Prefer Video? Watch on Youtube

Understanding the Requirements

The first place to start in any software project is with a clear understanding of the requirements of what is to be accomplished. In this example it is pretty clear since there is a working example complete with well articulated documentation.

Pulling up the wc man page like so.

man wc

On my macOS Monterey gives the following docs.

WC(1)                        General Commands Manual                       WC(1)

NAME
     wc – word, line, character, and byte count

SYNOPSIS
     wc [-clmw] [file ...]

DESCRIPTION
     The wc utility displays the number of lines, words, and bytes contained in
     each input file, or standard input (if no file is specified) to the
     standard output.  A line is defined as a string of characters delimited by
     a ⟨newline⟩ character.  Characters beyond the final ⟨newline⟩ character
     will not be included in the line count.

     A word is defined as a string of characters delimited by white space
     characters.  White space characters are the set of characters for which the
     iswspace(3) function returns true.  If more than one input file is
     specified, a line of cumulative counts for all the files is displayed on a
     separate line after the output for the last file.

     The following options are available:

     -c      The number of bytes in each input file is written to the standard
             output.  This will cancel out any prior usage of the -m option.
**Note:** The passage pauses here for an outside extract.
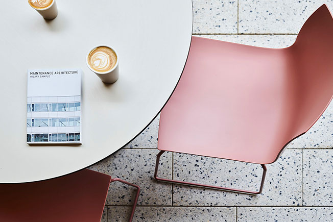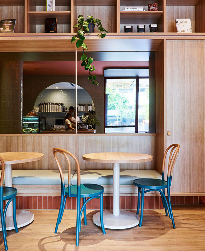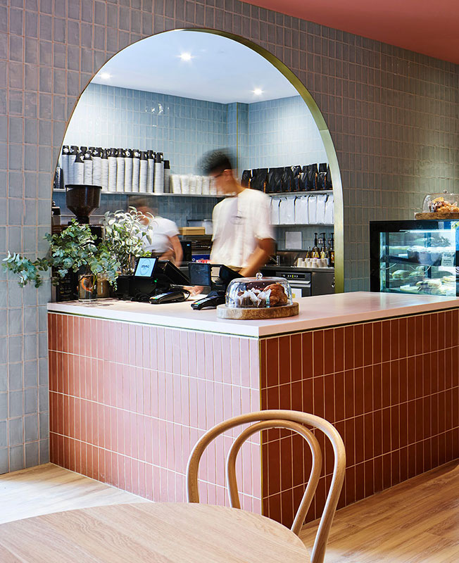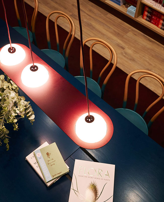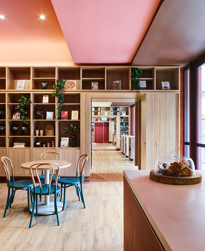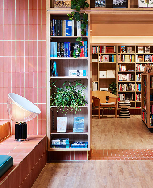 Внутри есть большая зона для мероприятий, а также небольшие уголки для чтения и работы. За арочным проемом расположена небольшая кофейня. Темные оттенки розового и синего пересекаются по всему интерьеру: бледно-голубая плитка покрывает стену за кофейной стойкой, деревянные стулья окрашены в темно-коричневый цвет, а потолок приобрел персиково-розовый оттенок.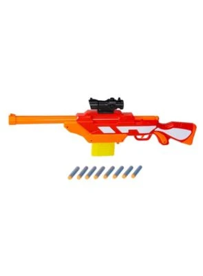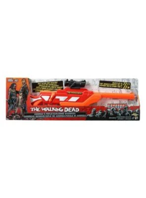 The Walking Dead – BuzzBee Andreas Gewehr mehrteiligein Blaster-Gewehr mit Magazinmit acht Dartsmit aufsteckbarem ZielfernrohrLänge: 72 cm

     -l      The number of lines in each input file is written to the standard
             output.

     -m      The number of characters in each input file is written to the
             standard output.  If the current locale does not support multibyte
             characters, this is equivalent to the -c option.  This will cancel
             out any prior usage of the -c option.

     -w      The number of words in each input file is written to the standard
             output.

     When an option is specified, wc only reports the information requested by
     that option.  The order of output always takes the form of line, word,
     byte, and file name.  The default action is equivalent to specifying the
     -c, -l and -w options.

     If no files are specified, the standard input is used and no file name is
     displayed.  The prompt will accept input until receiving EOF, or [^D] in
     most environments.

ENVIRONMENT
     The LANG, LC_ALL and LC_CTYPE environment variables affect the execution of
     wc as described in environ(7).

EXIT STATUS
     The wc utility exits 0 on success, and >0 if an error occurs.

EXAMPLES
     Count the number of characters, words and lines in each of the files
     report1 and report2 as well as the totals for both:

           wc -mlw report1 report2

An example would be useful here so, I'll create the following two demo files.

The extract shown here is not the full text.